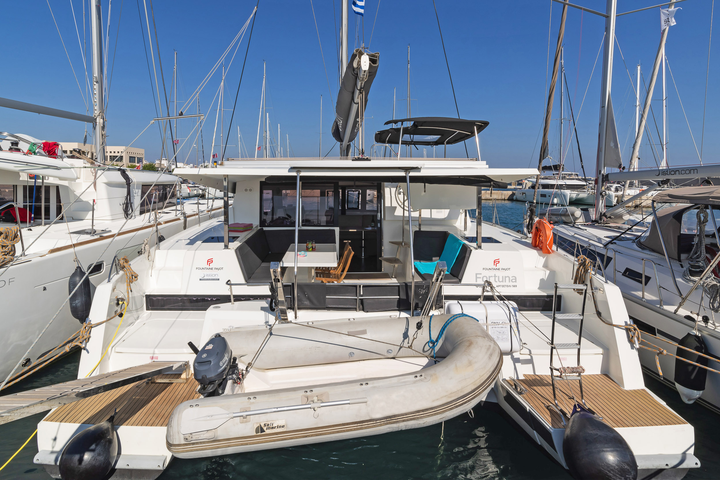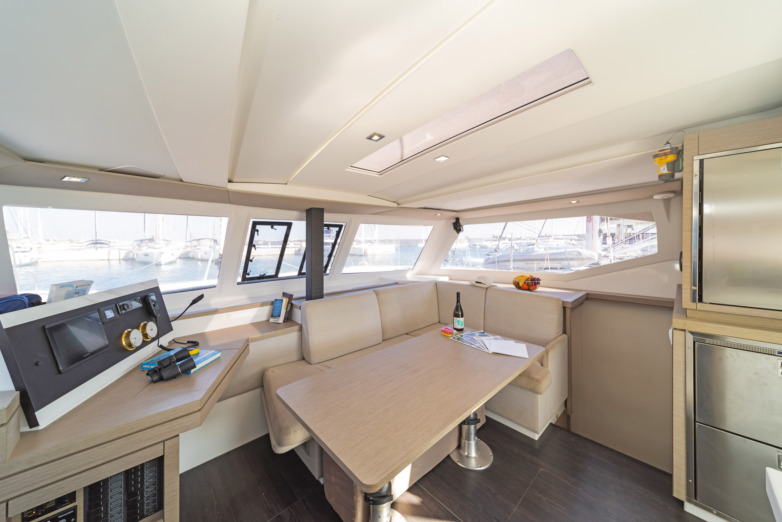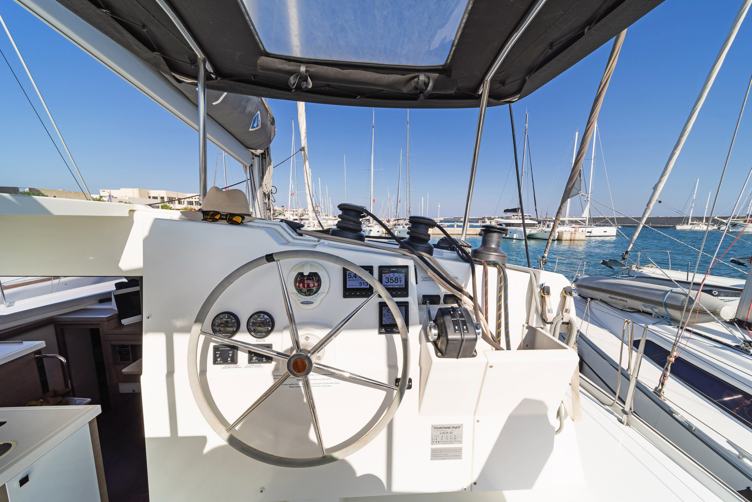 | Outside | Biminitop, Cockpitpolster, elektr. Winsch, Gangway, Solaranlage, Sprayhood |
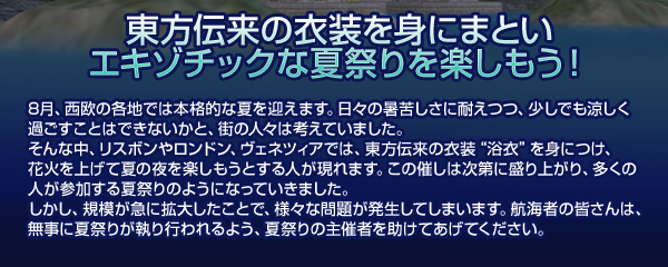 ※Astraios、Eosの両ワールドでは《浴衣》を、メモリアルワールド“Khronos”では《法被》を獲得できます。
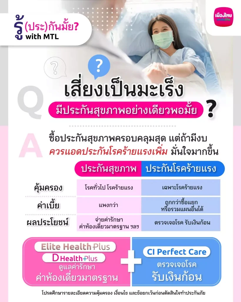 – ตรวจพบโรคร้ายแรง จ่ายเงินก้อนชดเชยสูงสุด 400%
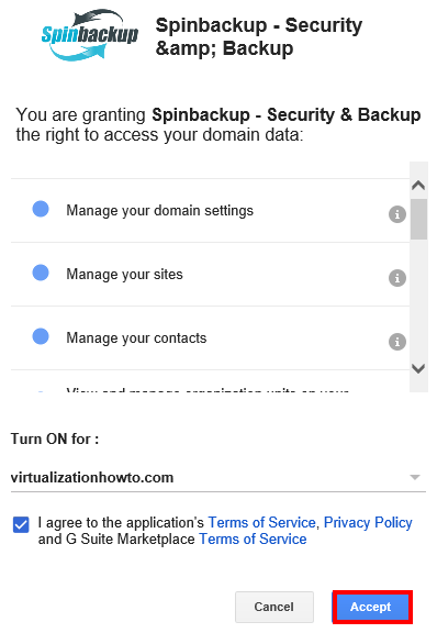 We see a listing of permissions that Spinbackup needs including Manage your domain settings, manage your sites, Manage your contacts, etc.
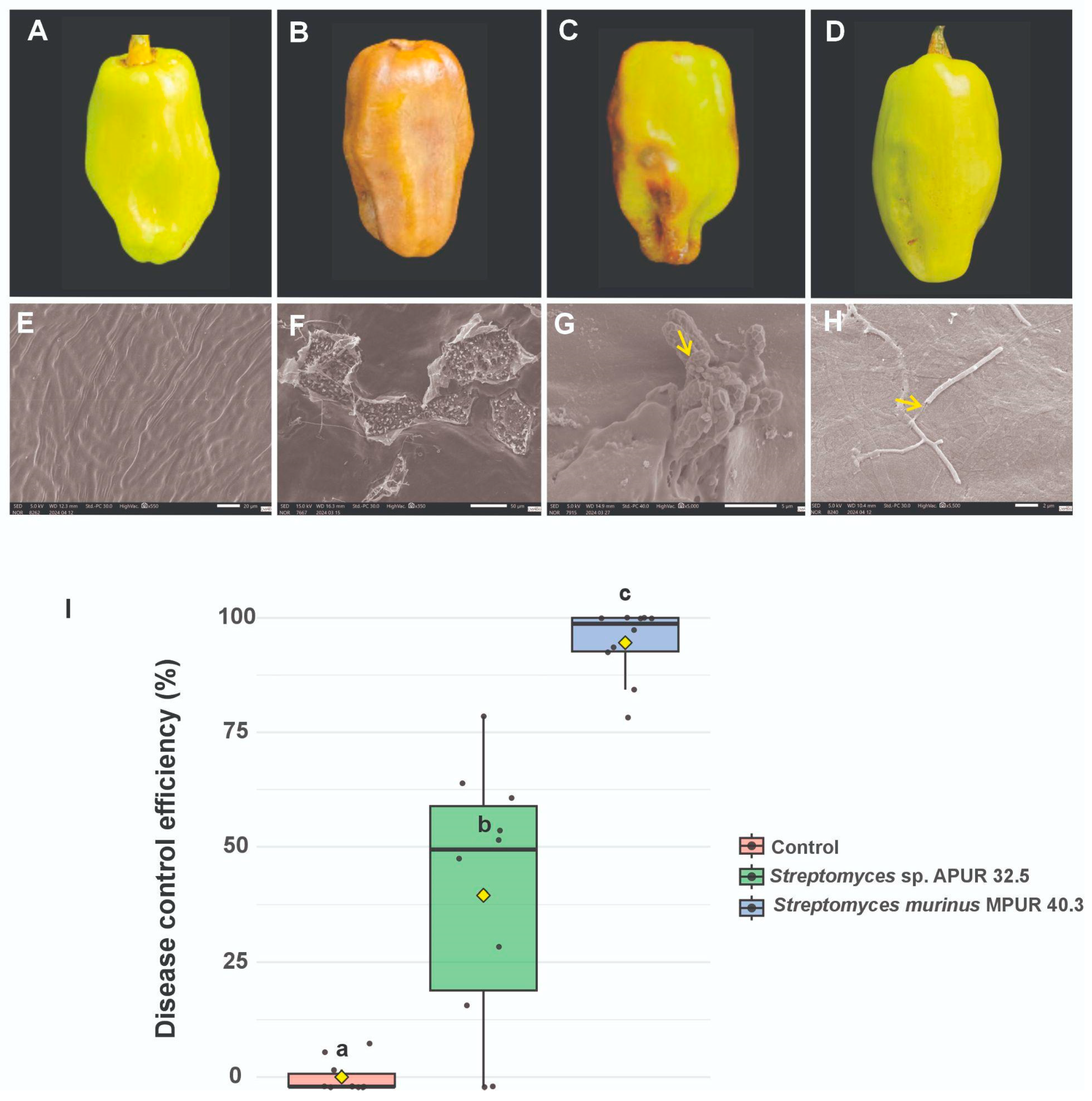 - Nguyen, H.T.; Pham, L.D.; Tran, Q.N.; Le, T.A. Biological control of Streptomyces murinus against Colletotrichum causing anthracnose disease on tomato fruits. J. Pure Appl. Microbiol. 2025, 19, 542–557. [Google Scholar] [CrossRef]

+ + + + +

Give the listing again word for word, but drop every picture.

 | Outside | Biminitop, Cockpitpolster, elektr. Winsch, Gangway, Solaranlage, Sprayhood |
 ※Astraios、Eosの両ワールドでは《浴衣》を、メモリアルワールド“Khronos”では《法被》を獲得できます。
 – ตรวจพบโรคร้ายแรง จ่ายเงินก้อนชดเชยสูงสุด 400%
 We see a listing of permissions that Spinbackup needs including Manage your domain settings, manage your sites, Manage your contacts, etc.
 - Nguyen, H.T.; Pham, L.D.; Tran, Q.N.; Le, T.A. Biological control of Streptomyces murinus against Colletotrichum causing anthracnose disease on tomato fruits. J. Pure Appl. Microbiol. 2025, 19, 542–557. [Google Scholar] [CrossRef]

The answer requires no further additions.